(Stored data)
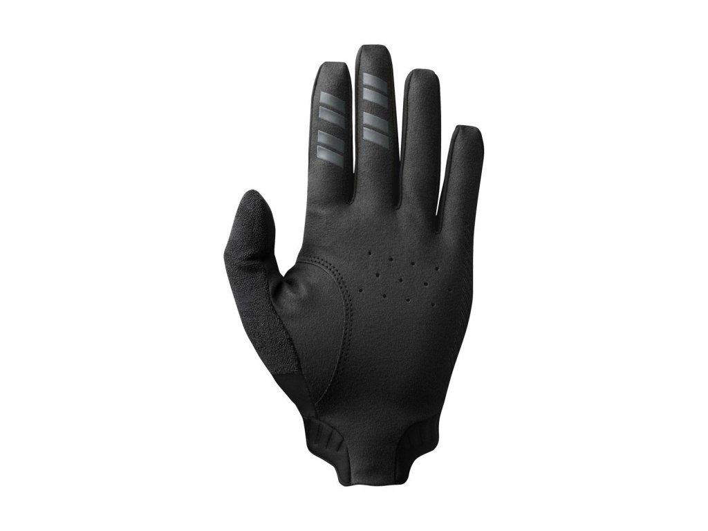 MTB celoprstové rukavice s priliehavým strihom a lepšou priľnavosťou a ovládateľnosťou. Dlaň vyrobená z jednovrstvovej syntetickej kože bez polstrovania vytvára väčší pocit jednoty s riaditkami pre lepší pocit z bicykla a väčšiu kontrolu. Silikónové prúžky na dlani pre extra priľnavosť. Laserom vyrezané otvory na dlani pre zvýšenú priedušnosť. Priedušná sieťovina na vrchnej strane vyrobená z elastického 72% recyklovaného polyamidu. Mäkká tkanina na palci na utieranie potu. Zvýšená ochrana ruky na vonkajšej bočnej strane. Materiál chrbát: 42% recyklovaný polyester, 18% polyester, 15% guma, 15% elastan, 10% polyamid Materiál dlaň: syntetická koža
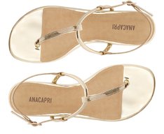 Sandália de salto bloco com tiras slim na cor dourada. O modelo de material similar ao couro com efeito metalizado e envernizado traz biqueira arredondada. De salto em bloco baixo, possui cabedal com tira fina que passa entre os dedos, conectada a mais uma tira fina no peito do pé. Apresenta ainda tira fina no calcanhar com fecho em fivela metálica lateral. A sandália tem palmilha lisa bege com assinatura Anacapri.
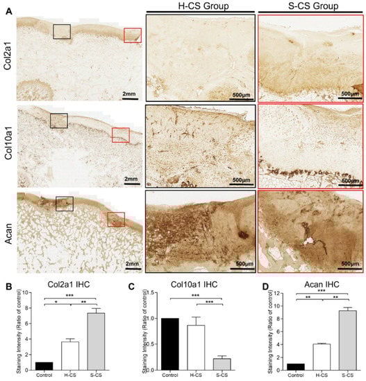 To further characterize the composition of the neocartilage, it was necessary to distinguish between the mature cartilage and hypertrophic cartilage. Thus, we performed immunohistochemistry for Col2a1, Acan, and Col10a1 proteins. As shown in Figure 7, neocartilage corresponding to the H-CS and S-CS groups showed positive results for Col2a1 and Acan staining, while the control group showed no staining. Additionally, Col2a1 was expressed in the ECM of the regenerated tissues within the defect, whereas Acan was localized both intracellularly and within the ECM. Like the integrated optical density (IOD) measurement results, the S-CS group presented stronger Col2a1 and Acan staining than the H-CS group (Figure 7A,B,D). Conversely, the neocartilage resulting from the H-CS showed stronger staining for Col10a1 (Figure 7A,C) than that resulting from the S-CS, indicating that the neocartilage of the S-CS group resembled the hyaline cartilage, as evidenced by the abundant deposition of PG and Col2a1 and the scarcity of Col10a1.
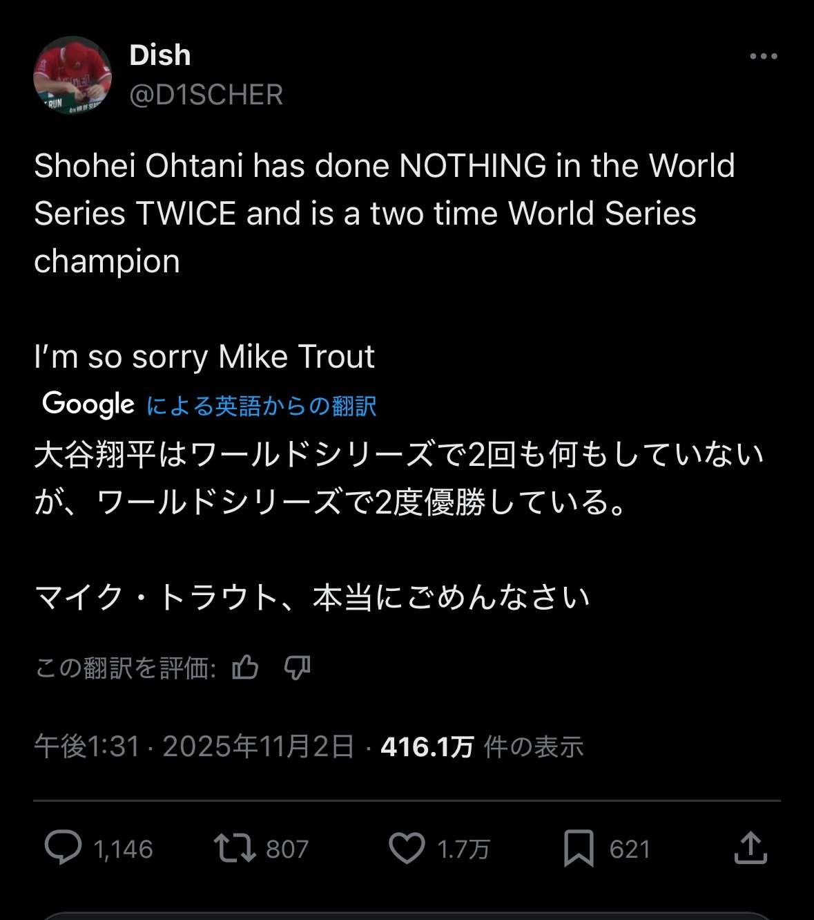 いや、ワールドシリーズは敵味方含めて大谷のopsが圧倒的1位で終わったけどな
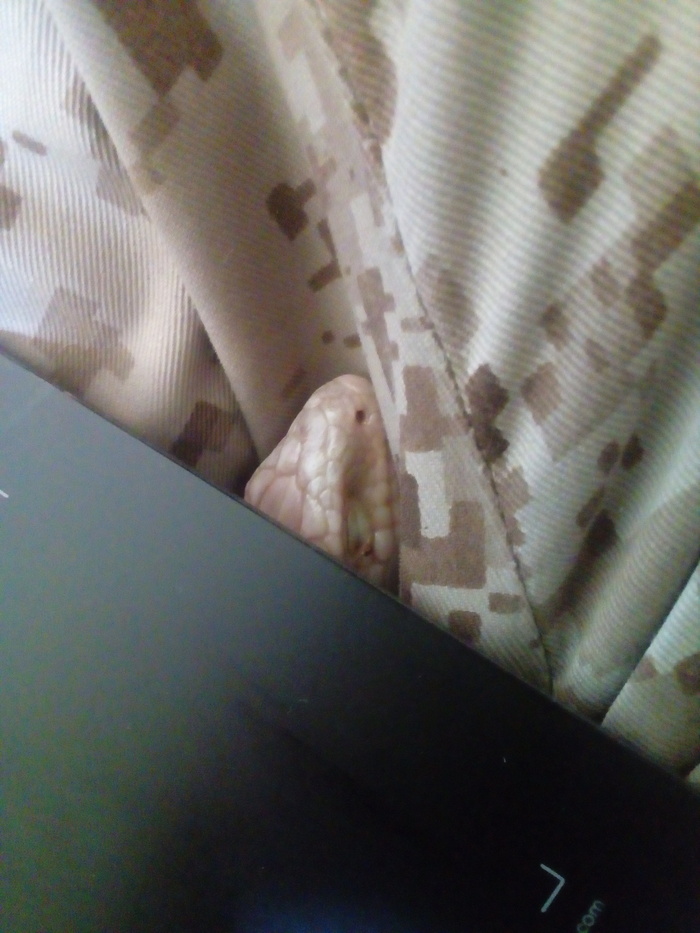 Нео любит спать в ногах, свесив голову. Террариум его, видите ли, не устраивает.
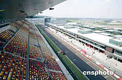 九月二十六日,F1中國大獎賽將在全新的上海國際賽車場舉行決戰。圖為上海國際賽車場筆直開闊的發車直道。作者:潘索菲
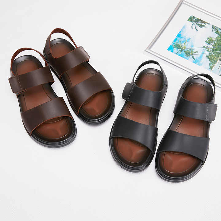 2026 New Summer Men Genuine Leather Velcro One Strap Sandals Breathable Cool Comfortable Casual Hand Stitched Men Shoes
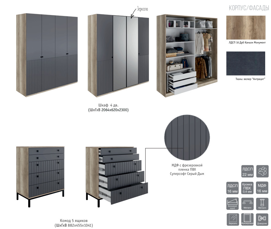 Цвет: дуб каньон/серый дым
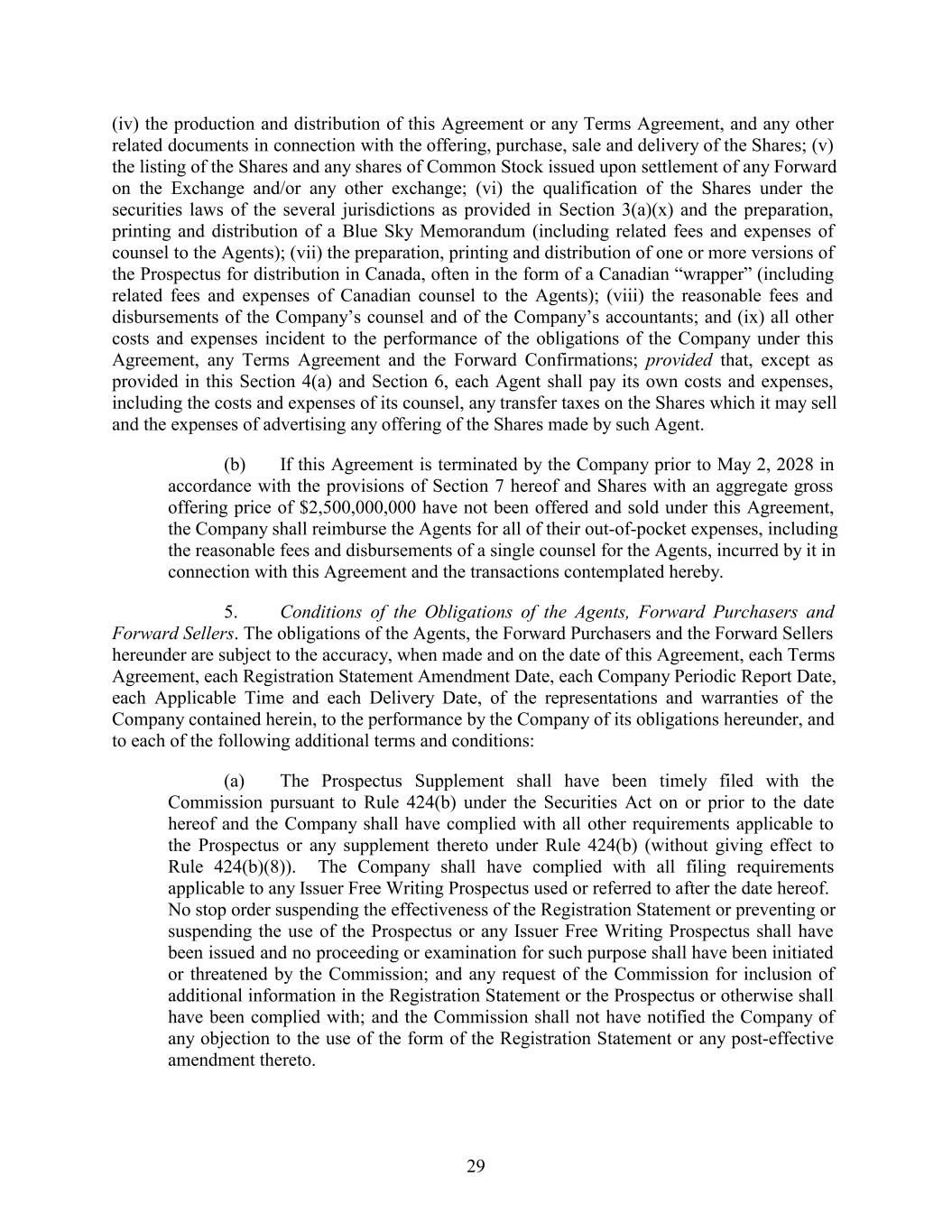 (iv) the production and distribution of this Agreement or any Terms Agreement, and any other related documents in connection with the offering, purchase, sale and delivery of the Shares; (v) the listing of the Shares and any shares of Common Stock issued upon settlement of any Forward on the Exchange and/or any other exchange; (vi) the qualification of the Shares under the securities laws of the several jurisdictions as provided in Section 3(a)(x) and the preparation, printing and distribution of a Blue Sky Memorandum (including related fees and expenses of counsel to the Agents); (vii) the preparation, printing and distribution of one or more versions of the Prospectus for distribution in Canada, often in the form of a Canadian “wrapper” (including related fees and expenses of Canadian counsel to the Agents); (viii) the reasonable fees and disbursements of the Company’s counsel and of the Company’s accountants; and (ix) all other costs and expenses incident to the performance of the obligations of the Company under this Agreement, any Terms Agreement and the Forward Confirmations; provided that, except as provided in this Section 4(a) and Section 6, each Agent shall pay its own costs and expenses, including the costs and expenses of its counsel, any transfer taxes on the Shares which it may sell and the expenses of advertising any offering of the Shares made by such Agent. (b) If this Agreement is terminated by the Company prior to May 2, 2028 in accordance with the provisions of Section 7 hereof and Shares with an aggregate gross offering price of $2,500,000,000 have not been offered and sold under this Agreement, the Company shall reimburse the Agents for all of their out-of-pocket expenses, including the reasonable fees and disbursements of a single counsel for the Agents, incurred by it in connection with this Agreement and the transactions contemplated hereby. 5. Conditions of the Obligations of the Agents, Forward Purchasers and Forward Sellers. The obligations of the Agents, the Forward Purchasers and the Forward Sellers hereunder are subject to the accuracy, when made and on the date of this Agreement, each Terms Agreement, each Registration Statement Amendment Date, each Company Periodic Report Date, each Applicable Time and each Delivery Date, of the representations and warranties of the Company contained herein, to the performance by the Company of its obligations hereunder, and to each of the following additional terms and conditions: (a) The Prospectus Supplement shall have been timely filed with the Commission pursuant to Rule 424(b) under the Securities Act on or prior to the date hereof and the Company shall have complied with all other requirements applicable to the Prospectus or any supplement thereto under Rule 424(b) (without giving effect to Rule 424(b)(8)). The Company shall have complied with all filing requirements applicable to any Issuer Free Writing Prospectus used or referred to after the date hereof. No stop order suspending the effectiveness of the Registration Statement or preventing or suspending the use of the Prospectus or any Issuer Free Writing Prospectus shall have been issued and no proceeding or examination for such purpose shall have been initiated or threatened by the Commission; and any request of the Commission for inclusion of additional information in the Registration Statement or the Prospectus or otherwise shall have been complied with; and the Commission shall not have notified the Company of any objection to the use of the form of the Registration Statement or any post-effective amendment thereto. 29
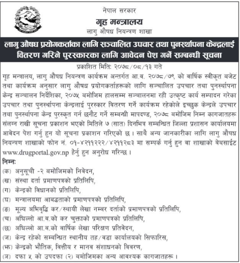 लागू औषध प्रयोगकर्ताका लागि सञ्चालित उपचार तथा पुनर्स्थापना केन्द्रलाई वितरण गरिने पुरस्कारका लागि आवेदन पेश गर्ने सम्बन्धी सूचना
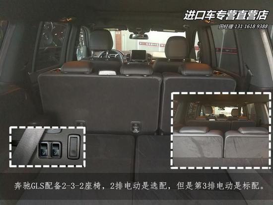 新款奔驰GLS采用7座布局,2-3-2使得空间布局合理,二排与三排空间充裕,行李箱也相比路虎,凌志等车型要宽敞。车身尺寸:5130*1982*1849mm。奔驰GLS450无论美规版还是加版车身尺寸都是一模一样的。进口版相比国行GLS400配置高 价格低。只是奔驰公司生产GLS系相对于不同地区的命名与配置个性化选择的结果。
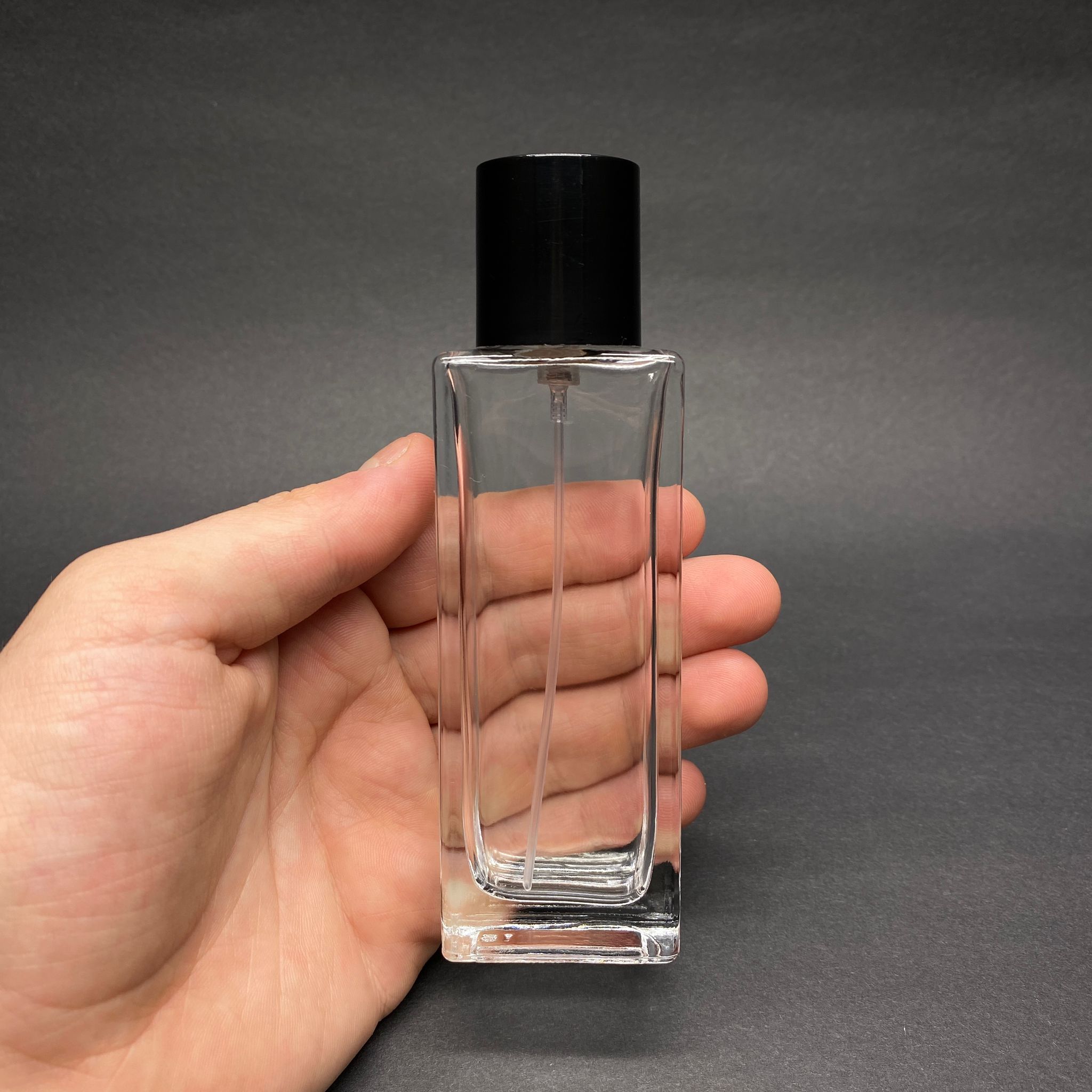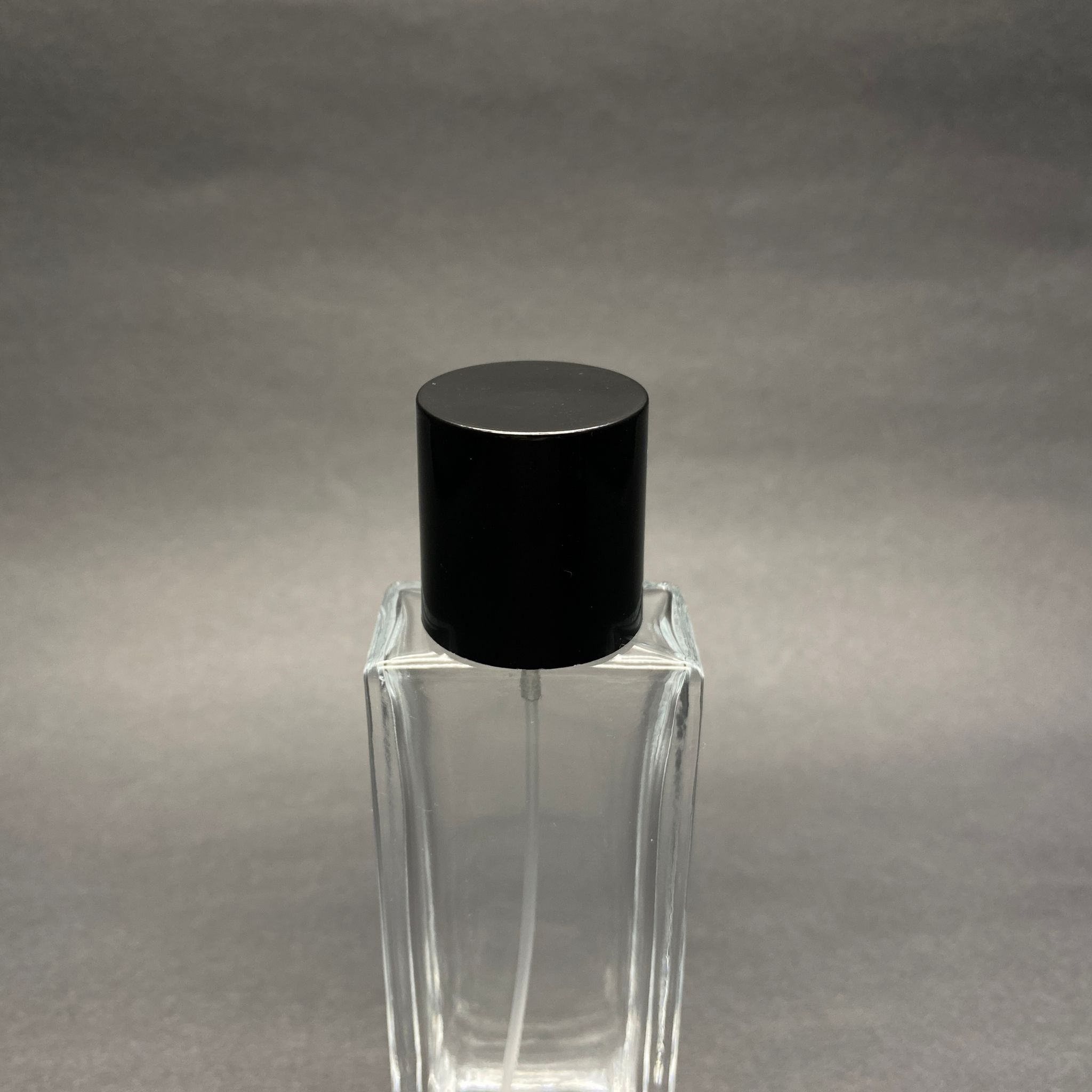 50 ML DİKDÖRTGEN MODEL FORTUNE UZUN PARFÜM ŞİŞESİ - GÜMÜŞ METAL SPREYLİ + SİYAH KAPAKLI (AĞIZ 15 MM GEÇME KOLAY KAPAMA)

**What to produce**. The records above are to be transcribed word for word. Skip the images.

**Your response**.
 MTB celoprstové rukavice s priliehavým strihom a lepšou priľnavosťou a ovládateľnosťou. Dlaň vyrobená z jednovrstvovej syntetickej kože bez polstrovania vytvára väčší pocit jednoty s riaditkami pre lepší pocit z bicykla a väčšiu kontrolu. Silikónové prúžky na dlani pre extra priľnavosť. Laserom vyrezané otvory na dlani pre zvýšenú priedušnosť. Priedušná sieťovina na vrchnej strane vyrobená z elastického 72% recyklovaného polyamidu. Mäkká tkanina na palci na utieranie potu. Zvýšená ochrana ruky na vonkajšej bočnej strane. Materiál chrbát: 42% recyklovaný polyester, 18% polyester, 15% guma, 15% elastan, 10% polyamid Materiál dlaň: syntetická koža
 Sandália de salto bloco com tiras slim na cor dourada. O modelo de material similar ao couro com efeito metalizado e envernizado traz biqueira arredondada. De salto em bloco baixo, possui cabedal com tira fina que passa entre os dedos, conectada a mais uma tira fina no peito do pé. Apresenta ainda tira fina no calcanhar com fecho em fivela metálica lateral. A sandália tem palmilha lisa bege com assinatura Anacapri.
 To further characterize the composition of the neocartilage, it was necessary to distinguish between the mature cartilage and hypertrophic cartilage. Thus, we performed immunohistochemistry for Col2a1, Acan, and Col10a1 proteins. As shown in Figure 7, neocartilage corresponding to the H-CS and S-CS groups showed positive results for Col2a1 and Acan staining, while the control group showed no staining. Additionally, Col2a1 was expressed in the ECM of the regenerated tissues within the defect, whereas Acan was localized both intracellularly and within the ECM. Like the integrated optical density (IOD) measurement results, the S-CS group presented stronger Col2a1 and Acan staining than the H-CS group (Figure 7A,B,D). Conversely, the neocartilage resulting from the H-CS showed stronger staining for Col10a1 (Figure 7A,C) than that resulting from the S-CS, indicating that the neocartilage of the S-CS group resembled the hyaline cartilage, as evidenced by the abundant deposition of PG and Col2a1 and the scarcity of Col10a1.
 いや、ワールドシリーズは敵味方含めて大谷のopsが圧倒的1位で終わったけどな
 Нео любит спать в ногах, свесив голову. Террариум его, видите ли, не устраивает.
 九月二十六日,F1中國大獎賽將在全新的上海國際賽車場舉行決戰。圖為上海國際賽車場筆直開闊的發車直道。作者:潘索菲
 2026 New Summer Men Genuine Leather Velcro One Strap Sandals Breathable Cool Comfortable Casual Hand Stitched Men Shoes
 Цвет: дуб каньон/серый дым
 (iv) the production and distribution of this Agreement or any Terms Agreement, and any other related documents in connection with the offering, purchase, sale and delivery of the Shares; (v) the listing of the Shares and any shares of Common Stock issued upon settlement of any Forward on the Exchange and/or any other exchange; (vi) the qualification of the Shares under the securities laws of the several jurisdictions as provided in Section 3(a)(x) and the preparation, printing and distribution of a Blue Sky Memorandum (including related fees and expenses of counsel to the Agents); (vii) the preparation, printing and distribution of one or more versions of the Prospectus for distribution in Canada, often in the form of a Canadian “wrapper” (including related fees and expenses of Canadian counsel to the Agents); (viii) the reasonable fees and disbursements of the Company’s counsel and of the Company’s accountants; and (ix) all other costs and expenses incident to the performance of the obligations of the Company under this Agreement, any Terms Agreement and the Forward Confirmations; provided that, except as provided in this Section 4(a) and Section 6, each Agent shall pay its own costs and expenses, including the costs and expenses of its counsel, any transfer taxes on the Shares which it may sell and the expenses of advertising any offering of the Shares made by such Agent. (b) If this Agreement is terminated by the Company prior to May 2, 2028 in accordance with the provisions of Section 7 hereof and Shares with an aggregate gross offering price of $2,500,000,000 have not been offered and sold under this Agreement, the Company shall reimburse the Agents for all of their out-of-pocket expenses, including the reasonable fees and disbursements of a single counsel for the Agents, incurred by it in connection with this Agreement and the transactions contemplated hereby. 5. Conditions of the Obligations of the Agents, Forward Purchasers and Forward Sellers. The obligations of the Agents, the Forward Purchasers and the Forward Sellers hereunder are subject to the accuracy, when made and on the date of this Agreement, each Terms Agreement, each Registration Statement Amendment Date, each Company Periodic Report Date, each Applicable Time and each Delivery Date, of the representations and warranties of the Company contained herein, to the performance by the Company of its obligations hereunder, and to each of the following additional terms and conditions: (a) The Prospectus Supplement shall have been timely filed with the Commission pursuant to Rule 424(b) under the Securities Act on or prior to the date hereof and the Company shall have complied with all other requirements applicable to the Prospectus or any supplement thereto under Rule 424(b) (without giving effect to Rule 424(b)(8)). The Company shall have complied with all filing requirements applicable to any Issuer Free Writing Prospectus used or referred to after the date hereof. No stop order suspending the effectiveness of the Registration Statement or preventing or suspending the use of the Prospectus or any Issuer Free Writing Prospectus shall have been issued and no proceeding or examination for such purpose shall have been initiated or threatened by the Commission; and any request of the Commission for inclusion of additional information in the Registration Statement or the Prospectus or otherwise shall have been complied with; and the Commission shall not have notified the Company of any objection to the use of the form of the Registration Statement or any post-effective amendment thereto. 29
 लागू औषध प्रयोगकर्ताका लागि सञ्चालित उपचार तथा पुनर्स्थापना केन्द्रलाई वितरण गरिने पुरस्कारका लागि आवेदन पेश गर्ने सम्बन्धी सूचना
 新款奔驰GLS采用7座布局,2-3-2使得空间布局合理,二排与三排空间充裕,行李箱也相比路虎,凌志等车型要宽敞。车身尺寸:5130*1982*1849mm。奔驰GLS450无论美规版还是加版车身尺寸都是一模一样的。进口版相比国行GLS400配置高 价格低。只是奔驰公司生产GLS系相对于不同地区的命名与配置个性化选择的结果。
 50 ML DİKDÖRTGEN MODEL FORTUNE UZUN PARFÜM ŞİŞESİ - GÜMÜŞ METAL SPREYLİ + SİYAH KAPAKLI (AĞIZ 15 MM GEÇME KOLAY KAPAMA)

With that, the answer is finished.